Current high-fidelity mannequins/simulators utilized in the fields of medicine and nursing allow the replication of physiological functions such as breathing and responding to medical and/or pharmacological interventions, in addition to mimicking physical signs such as bleeding or swelling during invasive procedures [10].
Additionally, scenic realism is considered one of the most important aspects in clinical simulation programs [11]. The faithful recreation of simulated environments using simulators and simulated participants through acting [12] improves learning transfer [13], cognitive retention [14], and student self-efficacy and confidence [15,16].
The absence of clear definitions of concepts related to realism and fidelity, combined with frail methodology in studies and evaluations on the topic, may eventually affect the design, evaluation, planning, and logistics of simulated practices. Furthermore, it may also prevent knowing the true impact of fidelity on learning in simulated practices [4].
The objective of this paper is to present the process that resulted in the development of ProRealSim v.1.0, a numerical assessment tool to measure attained realism in clinical simulation for three main dimensions: simulated participant, scenography, and simulator. Numeric indices assess the precision and naturality of several indicators that characterize the three main dimensions, supported by statistical scrutiny. By presenting it to the academic community that applies Simulation Based Learning (SBL), the intention is to set the groundwork and present the methodology behind the numerical approach, so it is validated and available for use and further refinement, ultimately contributing to the enhancement of the simulation methodology worldwide.

2. Materials and Methods

The research was carried out between 2020 and 2022 and funded by Universidad Europea—Investigation and Ethical Committee approval code 2020UEM39. The purpose was to conduct a screening study to detect relevant factors when assessing realism in clinical simulation, narrowing down possible indices, indicators, units, and dimensions.

2.1. Qualitative Study: Delphi Method

The theoretical construct anchoring ProRealSim v.1.0 started with the analysis of 73 indicators [17] developed by experts from the simulation center at Universidad Europea, based on the concept of Rudolph et al., 2014 [18], who proposed a disjunction between the terms fidelity and realism. All experts are engaged to a solid simulation program active for more than 5 years.

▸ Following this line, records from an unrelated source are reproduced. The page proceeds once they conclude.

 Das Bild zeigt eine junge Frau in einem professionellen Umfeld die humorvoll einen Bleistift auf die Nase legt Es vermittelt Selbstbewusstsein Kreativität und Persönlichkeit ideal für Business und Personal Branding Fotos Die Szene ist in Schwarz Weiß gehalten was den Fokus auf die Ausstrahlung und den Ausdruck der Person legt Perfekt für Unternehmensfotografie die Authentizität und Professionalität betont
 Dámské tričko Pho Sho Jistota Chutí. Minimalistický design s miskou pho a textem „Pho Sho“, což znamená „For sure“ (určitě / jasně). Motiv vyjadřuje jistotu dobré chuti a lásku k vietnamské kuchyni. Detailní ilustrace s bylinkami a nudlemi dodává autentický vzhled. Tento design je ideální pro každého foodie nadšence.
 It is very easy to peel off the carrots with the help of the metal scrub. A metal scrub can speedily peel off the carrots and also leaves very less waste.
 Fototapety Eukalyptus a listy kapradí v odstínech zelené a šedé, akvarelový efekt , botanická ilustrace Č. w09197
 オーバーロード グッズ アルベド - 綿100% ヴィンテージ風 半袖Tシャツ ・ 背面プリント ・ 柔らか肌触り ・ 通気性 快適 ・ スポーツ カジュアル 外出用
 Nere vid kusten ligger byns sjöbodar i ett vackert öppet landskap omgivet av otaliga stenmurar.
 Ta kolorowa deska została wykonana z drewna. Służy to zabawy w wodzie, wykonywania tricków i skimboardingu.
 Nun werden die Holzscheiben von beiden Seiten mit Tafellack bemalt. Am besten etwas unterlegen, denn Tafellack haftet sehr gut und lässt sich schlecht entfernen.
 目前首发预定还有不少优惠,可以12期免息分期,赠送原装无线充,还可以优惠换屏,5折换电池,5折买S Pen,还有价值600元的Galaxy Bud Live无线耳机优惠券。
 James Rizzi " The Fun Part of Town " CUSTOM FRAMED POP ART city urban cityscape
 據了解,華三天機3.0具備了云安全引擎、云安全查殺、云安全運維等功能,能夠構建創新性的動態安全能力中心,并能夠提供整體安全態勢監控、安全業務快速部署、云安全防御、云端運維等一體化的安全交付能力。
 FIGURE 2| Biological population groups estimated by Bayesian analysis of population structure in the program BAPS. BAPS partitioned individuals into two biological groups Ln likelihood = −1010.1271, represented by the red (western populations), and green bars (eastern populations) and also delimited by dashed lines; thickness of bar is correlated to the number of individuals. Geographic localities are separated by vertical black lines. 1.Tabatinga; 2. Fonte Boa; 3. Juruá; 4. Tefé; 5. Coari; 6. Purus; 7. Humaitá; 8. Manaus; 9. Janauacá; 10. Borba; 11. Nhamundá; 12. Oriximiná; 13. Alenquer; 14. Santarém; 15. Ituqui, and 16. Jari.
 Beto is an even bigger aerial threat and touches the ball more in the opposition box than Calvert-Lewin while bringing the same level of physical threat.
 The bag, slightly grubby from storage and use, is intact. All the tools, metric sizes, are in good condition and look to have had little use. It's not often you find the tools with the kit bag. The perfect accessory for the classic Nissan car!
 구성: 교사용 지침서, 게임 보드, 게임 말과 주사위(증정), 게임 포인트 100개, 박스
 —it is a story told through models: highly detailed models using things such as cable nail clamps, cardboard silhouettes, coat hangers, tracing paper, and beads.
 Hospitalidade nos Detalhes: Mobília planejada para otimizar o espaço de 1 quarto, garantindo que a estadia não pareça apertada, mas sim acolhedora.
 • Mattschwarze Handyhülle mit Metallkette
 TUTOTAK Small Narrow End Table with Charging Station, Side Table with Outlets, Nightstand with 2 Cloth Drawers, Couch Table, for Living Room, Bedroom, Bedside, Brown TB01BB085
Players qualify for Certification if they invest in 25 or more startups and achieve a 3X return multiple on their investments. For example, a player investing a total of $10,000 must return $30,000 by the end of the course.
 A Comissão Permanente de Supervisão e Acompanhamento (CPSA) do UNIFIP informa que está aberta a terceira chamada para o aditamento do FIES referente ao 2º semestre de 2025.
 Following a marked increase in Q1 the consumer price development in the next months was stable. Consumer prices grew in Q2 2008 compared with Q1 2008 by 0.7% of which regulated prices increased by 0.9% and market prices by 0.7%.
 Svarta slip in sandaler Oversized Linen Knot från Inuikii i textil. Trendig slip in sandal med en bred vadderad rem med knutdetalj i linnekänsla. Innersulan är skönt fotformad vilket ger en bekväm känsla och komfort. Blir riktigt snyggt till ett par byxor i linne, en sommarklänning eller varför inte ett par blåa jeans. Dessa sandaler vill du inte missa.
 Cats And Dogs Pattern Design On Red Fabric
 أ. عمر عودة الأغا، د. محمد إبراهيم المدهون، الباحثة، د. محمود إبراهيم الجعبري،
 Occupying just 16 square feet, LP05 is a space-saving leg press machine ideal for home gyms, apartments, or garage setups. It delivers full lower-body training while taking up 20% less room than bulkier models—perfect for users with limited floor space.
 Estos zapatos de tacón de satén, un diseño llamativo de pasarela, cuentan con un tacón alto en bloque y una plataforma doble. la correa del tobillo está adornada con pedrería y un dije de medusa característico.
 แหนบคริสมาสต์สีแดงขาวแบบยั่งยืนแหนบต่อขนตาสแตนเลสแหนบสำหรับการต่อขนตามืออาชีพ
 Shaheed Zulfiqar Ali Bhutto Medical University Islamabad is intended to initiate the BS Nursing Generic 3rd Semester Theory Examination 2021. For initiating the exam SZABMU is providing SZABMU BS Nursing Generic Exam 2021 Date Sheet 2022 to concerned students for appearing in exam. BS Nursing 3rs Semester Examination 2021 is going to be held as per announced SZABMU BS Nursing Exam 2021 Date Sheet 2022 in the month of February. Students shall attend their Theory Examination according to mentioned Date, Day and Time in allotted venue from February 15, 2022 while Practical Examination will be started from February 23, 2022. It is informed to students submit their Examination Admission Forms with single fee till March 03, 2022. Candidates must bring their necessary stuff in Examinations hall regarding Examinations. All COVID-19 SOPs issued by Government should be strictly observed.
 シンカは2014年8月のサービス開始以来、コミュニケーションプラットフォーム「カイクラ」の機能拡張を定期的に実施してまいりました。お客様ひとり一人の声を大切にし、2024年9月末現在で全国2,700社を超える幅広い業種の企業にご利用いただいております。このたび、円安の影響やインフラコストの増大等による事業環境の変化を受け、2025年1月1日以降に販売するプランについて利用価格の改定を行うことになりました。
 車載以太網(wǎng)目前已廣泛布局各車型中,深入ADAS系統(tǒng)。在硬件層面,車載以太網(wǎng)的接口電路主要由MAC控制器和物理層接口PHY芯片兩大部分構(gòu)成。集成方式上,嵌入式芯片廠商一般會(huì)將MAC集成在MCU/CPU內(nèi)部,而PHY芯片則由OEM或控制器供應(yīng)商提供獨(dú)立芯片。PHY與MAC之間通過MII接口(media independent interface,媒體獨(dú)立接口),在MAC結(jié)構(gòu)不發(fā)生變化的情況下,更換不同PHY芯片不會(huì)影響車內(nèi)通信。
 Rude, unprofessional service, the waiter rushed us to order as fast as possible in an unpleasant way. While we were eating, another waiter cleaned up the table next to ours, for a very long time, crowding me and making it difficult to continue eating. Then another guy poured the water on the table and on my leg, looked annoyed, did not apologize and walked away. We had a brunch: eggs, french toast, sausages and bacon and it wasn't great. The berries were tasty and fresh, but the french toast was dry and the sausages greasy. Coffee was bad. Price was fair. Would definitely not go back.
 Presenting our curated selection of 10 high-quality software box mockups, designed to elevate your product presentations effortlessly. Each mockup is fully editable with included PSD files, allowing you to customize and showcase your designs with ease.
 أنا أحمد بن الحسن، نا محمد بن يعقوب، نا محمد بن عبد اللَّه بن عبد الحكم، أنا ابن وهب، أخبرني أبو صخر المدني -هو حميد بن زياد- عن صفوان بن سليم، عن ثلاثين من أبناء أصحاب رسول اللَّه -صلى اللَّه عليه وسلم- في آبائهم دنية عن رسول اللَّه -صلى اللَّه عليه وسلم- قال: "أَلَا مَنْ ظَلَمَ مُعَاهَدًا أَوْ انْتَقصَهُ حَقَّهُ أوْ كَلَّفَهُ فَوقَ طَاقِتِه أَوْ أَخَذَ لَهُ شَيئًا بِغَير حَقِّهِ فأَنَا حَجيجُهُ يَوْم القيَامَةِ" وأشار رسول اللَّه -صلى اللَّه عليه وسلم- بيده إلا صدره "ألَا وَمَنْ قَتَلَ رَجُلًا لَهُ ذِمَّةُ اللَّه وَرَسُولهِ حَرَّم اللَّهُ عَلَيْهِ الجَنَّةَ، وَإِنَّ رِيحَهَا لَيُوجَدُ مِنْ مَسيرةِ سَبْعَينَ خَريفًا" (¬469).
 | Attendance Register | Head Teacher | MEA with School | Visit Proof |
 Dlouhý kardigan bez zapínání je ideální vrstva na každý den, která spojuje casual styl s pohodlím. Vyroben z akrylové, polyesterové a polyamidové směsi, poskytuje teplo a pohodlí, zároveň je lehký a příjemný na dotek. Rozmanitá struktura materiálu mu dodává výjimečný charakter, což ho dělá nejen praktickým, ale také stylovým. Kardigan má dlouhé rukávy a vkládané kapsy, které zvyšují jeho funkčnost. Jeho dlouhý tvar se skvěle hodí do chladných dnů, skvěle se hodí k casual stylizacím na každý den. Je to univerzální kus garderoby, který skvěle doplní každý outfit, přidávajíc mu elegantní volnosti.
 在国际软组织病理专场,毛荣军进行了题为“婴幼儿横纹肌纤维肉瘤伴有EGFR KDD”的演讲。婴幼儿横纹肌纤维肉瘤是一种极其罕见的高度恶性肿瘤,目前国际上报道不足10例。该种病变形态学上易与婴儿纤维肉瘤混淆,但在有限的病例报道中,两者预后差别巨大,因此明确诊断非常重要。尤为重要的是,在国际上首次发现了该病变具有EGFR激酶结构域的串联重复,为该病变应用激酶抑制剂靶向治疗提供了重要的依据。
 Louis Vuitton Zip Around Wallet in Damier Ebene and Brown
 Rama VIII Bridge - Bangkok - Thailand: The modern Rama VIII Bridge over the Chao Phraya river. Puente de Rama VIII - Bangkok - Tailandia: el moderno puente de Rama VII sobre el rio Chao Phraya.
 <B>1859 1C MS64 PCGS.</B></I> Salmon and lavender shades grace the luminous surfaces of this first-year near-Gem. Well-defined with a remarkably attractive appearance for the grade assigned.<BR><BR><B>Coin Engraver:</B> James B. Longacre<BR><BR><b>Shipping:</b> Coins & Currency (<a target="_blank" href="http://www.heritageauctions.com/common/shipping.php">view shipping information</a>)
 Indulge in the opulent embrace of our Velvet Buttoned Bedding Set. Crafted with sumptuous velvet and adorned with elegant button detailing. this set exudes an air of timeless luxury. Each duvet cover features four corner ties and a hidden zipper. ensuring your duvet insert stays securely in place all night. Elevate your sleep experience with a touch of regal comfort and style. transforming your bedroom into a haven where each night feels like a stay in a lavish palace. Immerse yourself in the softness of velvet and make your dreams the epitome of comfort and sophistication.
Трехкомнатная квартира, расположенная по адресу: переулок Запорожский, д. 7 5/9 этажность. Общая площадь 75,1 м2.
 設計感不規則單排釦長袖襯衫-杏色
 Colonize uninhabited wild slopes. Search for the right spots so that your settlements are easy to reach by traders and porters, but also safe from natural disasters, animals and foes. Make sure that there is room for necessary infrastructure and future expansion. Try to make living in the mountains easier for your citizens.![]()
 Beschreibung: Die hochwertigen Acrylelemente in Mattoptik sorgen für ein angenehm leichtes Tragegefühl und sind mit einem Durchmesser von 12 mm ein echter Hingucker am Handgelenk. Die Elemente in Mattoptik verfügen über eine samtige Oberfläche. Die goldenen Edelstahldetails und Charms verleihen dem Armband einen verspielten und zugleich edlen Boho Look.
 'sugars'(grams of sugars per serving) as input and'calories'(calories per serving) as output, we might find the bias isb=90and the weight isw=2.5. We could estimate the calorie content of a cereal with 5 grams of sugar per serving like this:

These indicators touch on the realism/fidelity of three dimensions: the simulated participant, the scenography, and the simulator. These indicators originated from literature searches, systematic reviews, and consensus of focus groups on the subject. Afterward, a three-round Delphi study was conducted with the participation of 3 content reviewers and 12 experts from recognized Spanish simulation centers, namely the Universidad Europea, Universidad de Barcelona, Universidad de VIC—Manresa´s Simulation Center, Valdecillas Virtual Hospital, Hospital San Juan de Dios, and mobile simulation unit Hospital 12 de Octubre.
The criteria for being selected as an expert required that individuals (1) were linked to successful simulation programs running for more than three years; (2) had experience designing simulation scenarios; and (3) were engaged in clinical specialty practice.
Consensus was reached after three discussion rounds, when 73 indicators were evaluated considering their plausibility, precision, and naturality. An amount of 7 indicators were then discarded to eliminate redundancy, resulting in 66 items subject to statistical analysis. Precision and naturality prevailed as systematic variables, given that plausibility could be incorporated within precision. The definition of the systematic variables follows:
Accuracy: Qualified what could be classified as realistic conceptually or physically, compared to the clinical reality reproduced.
Naturality: Qualified what could be classified as realistic at a functional or relational level, compared to the element reproduced.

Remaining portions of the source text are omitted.